Artık 80 milyonluk güçlü bir Türkiye var
- Yavuz Abi, siyasette mahremiyet var mıdır?
- Eskiden bir hanım vardı ABD Kongresi'ne Türkiye ile ilgili rapor hazırlandı. Burada askerlerle, siyasi liderlerle, sermayedarlarla görüşürdü. Bu raporu Ankara'da cumhurbaşkanına ve askere verdiğini biliyorum. Ama hükümete vermezdi. Amerika içimizde diye boşuna denilmiyor. Ama zaten bu çok eskilere de gider. Gazi Mustafa Kemal TBMM'nin gizli oturumunda "Burada yaptığımız bazı görüşmelerin yurt dışına sızdığına dair elimde bilgiler var. Bunu yapmayalım" diyor. Yani her dönem içimizden bazıları dışarıyla işbirliği yapıyor.
- Bu konuda bir mesafe kat edilemedi mi?
- Birtakım devlet büyüklerimiz, askerler dahil, görev süreleri bitince Amerikan şirketlerine danışmanlık yapıyorlar. Neden? Bugün 80 milyonluk güçlü bir Türkiye var. Fakat şanlı ordumuz Barış Pınarı Harekatı'ndan başı önde dönse içimizde sevinecekler var.
Evren bana "Seni MIT müsteşarı yapacağım" dedi
- Demirel, Erbakan, Ecevit, Özal, Evren, Erdoğan... Liderler neden size ilk açıklamalarını yapıyorlar.
- 12 Eylül oldu, tüm siyasi liderler yasaklı. Herkes cüzzamlı gibi onlardan uzak duruyor. Ama hepsiyle hukukum var. Ve hepsiyle görüşüyordum. Görüşmemem konusunda yüksek merciler tarafından uyarıldım. Ama yine de görüştüm. Sonra yasaklar kalktı, kimi cumhurbaşkanı kimi başbakan oldu ve ilk açıklamaları için beni tercih ettiler.

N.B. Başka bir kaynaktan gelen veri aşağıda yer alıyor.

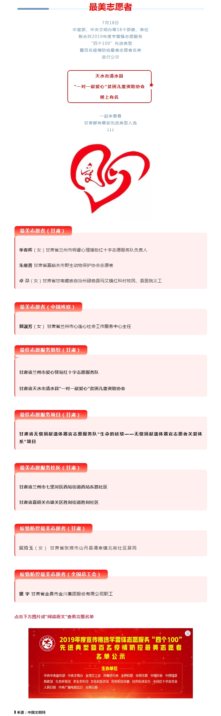 全国志愿服务先进典型名单公示!天水1个集体上榜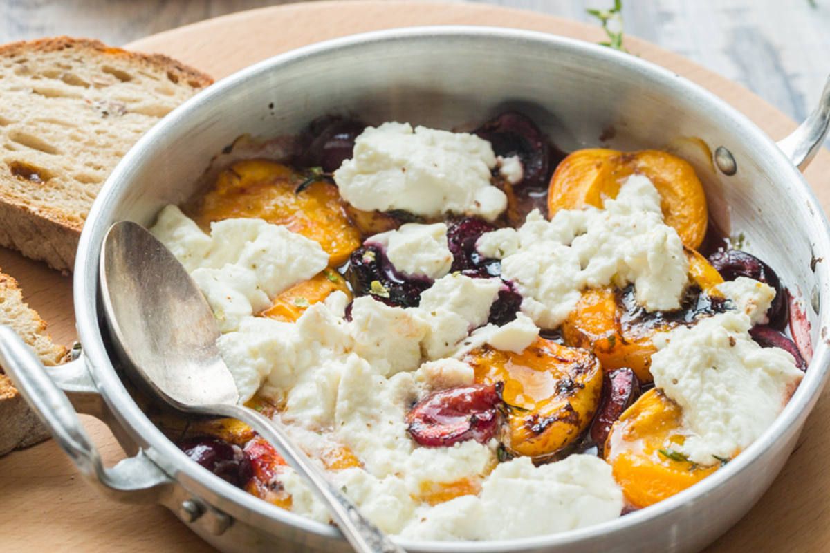 Recette : Abricots et cerises rôtis au thym et à la ricotta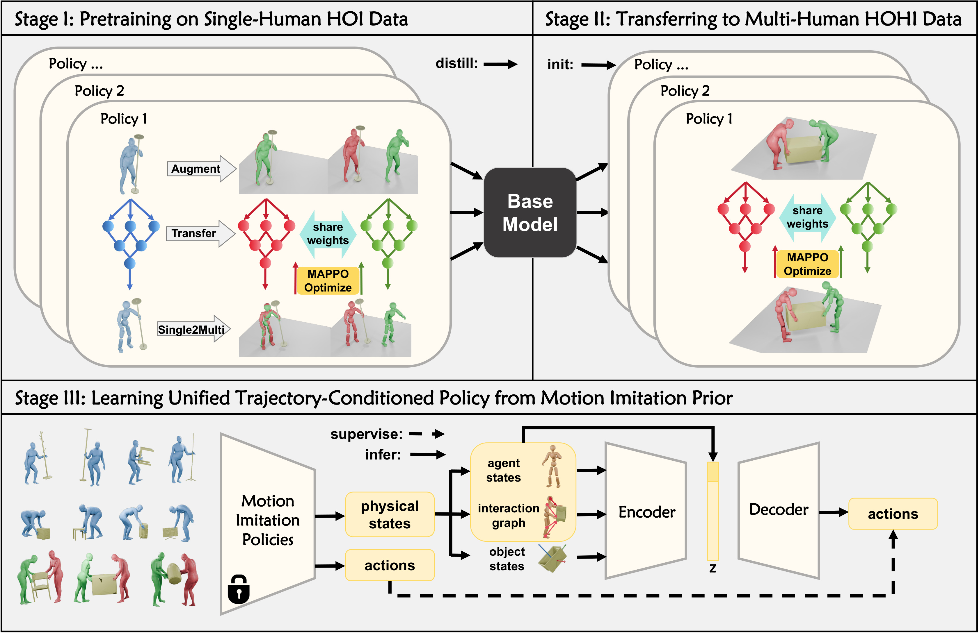 Controllable cooperative humanoid manipulation is a fundamental yet challenging problem for embodied intelligence, due to severe data scarcity, complexities in multi-agent coordination, and limited generalization across objects. In this paper, we present SynAgent, a unified framework that enables scalable and physically plausible cooperative manipulation by leveraging Solo-to-Cooperative Agent Synergy to transfer skills from single-agent human-object interaction to multi-agent human-object-human scenarios. To maintain semantic integrity during motion transfer, we introduce an interaction-preserving retargeting method based on an Interact Mesh constructed via Delaunay tetrahedralization, which faithfully maintains spatial relationships among humans and objects. Building upon this refined data, we propose a single-agent pretraining and adaptation paradigm that bootstraps synergistic collaborative behaviors from abundant single-human data through decentralized training and multi-agent PPO. Finally, we develop a trajectory-conditioned generative policy using a conditional VAE, trained via multi-teacher distillation from motion imitation priors to achieve stable and controllable object-level trajectory execution. Extensive experiments demonstrate that SynAgent significantly outperforms existing baselines in both cooperative imitation and trajectory-conditioned control, while generalizing across diverse object geometries. Codes and data will be available after publication.

- Sizi uyaran yüksek merciler kimlerdi?
- Kenan Evren bir gün dedi ki "Seni MİT'e müsteşar yapacağım." Ben de "Ben MİT'in yolunu bilmem nereden çıktı bu" dedim. O da bana "Hakkında işlemler yapılmıyorsa şunu bil yazılarına ham istihbarat muamelesi yapıyoruz" dedi.

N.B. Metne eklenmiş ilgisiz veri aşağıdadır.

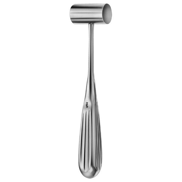 Молоток, диаметр 25 мм, длина 190 мм, 155 г, DF114R, B.Braun (Aesculap, Германия) предназначен для работы с плотной тканью – костной, хрящевой. С его помощью наносятся удары по остеотому для того, чтобы расщепить костную ткань. Инструмент изготовлен из высококачественной нержавеющей стали, имеет две рабочие поверхности диаметром 25 мм, рукоятка плоская, с упором для большого пальца. Для улучшения рабочих свойств молотка масса тела значительно превосходит массу рукоятки.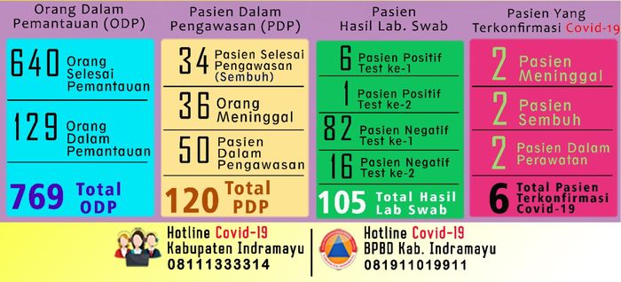 Selain itu, untuk kategori ODP di Kabupaten Indramayu pada hari ini tercatat jumlahnya mencapai 769 orang atau ada penambahan lima orang dari hari sebelumnya.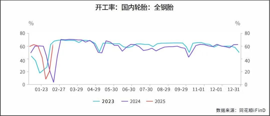 数据来源:同花顺、东航期货投资咨询部 在轮胎市场方面,节后轮胎企业陆续复工复产,产能利用率逐渐回暖。截至2月14日,国内半钢胎样本企业产能利用率为 73.85%,环比上涨 44.47个百分点,同比上涨29.99个百分点;全钢胎样本企业产能利用率为 62.45%,环比上涨 42.42个百分点,同比上涨 59.32个百分点。由于假期因素,轮胎企业开工率同比存在失真现象,开工率水平尚未达峰。从市场需求来看,随着汽车保有量的增加,轮胎替换市场需求相对稳定,但受汽车产销增速放缓影响,原配轮胎市场需求增长动力不足。这对天然橡胶后期涨势构成不利影响。

- Siz mütevazılığınızla tanınıyorsunuz ama haberciliğiniz son derece iddialı.
- Demirel Zincirbozan'a gönderileceğini benden öğrendi. Erbakan 28 Şubat'ın olacağını beden öğrendi. Ahmet Necdet Sezer'in cumhurbaşkanlığına seçileceğini Türkiye benden öğrendi. Aziz Kocaoğlu ikinci defa İzmir Büyükşehir Belediye Başkanlığı'na aday gösterileceğini benden öğrendi. Bazı yazılarımı Özal gelip mecliste okurdu. Bazı yazılarımı CHP'liler meclis gündemine getirirdi. Her yazdığım bilgiyi iki kere teyit ederim. Bilgileri farklı kaynaklardan doğrulatırım. Mesleğimi kuralına uygun yapıyorum. O zaman da güvenilir bir kalem oluyorsunuz.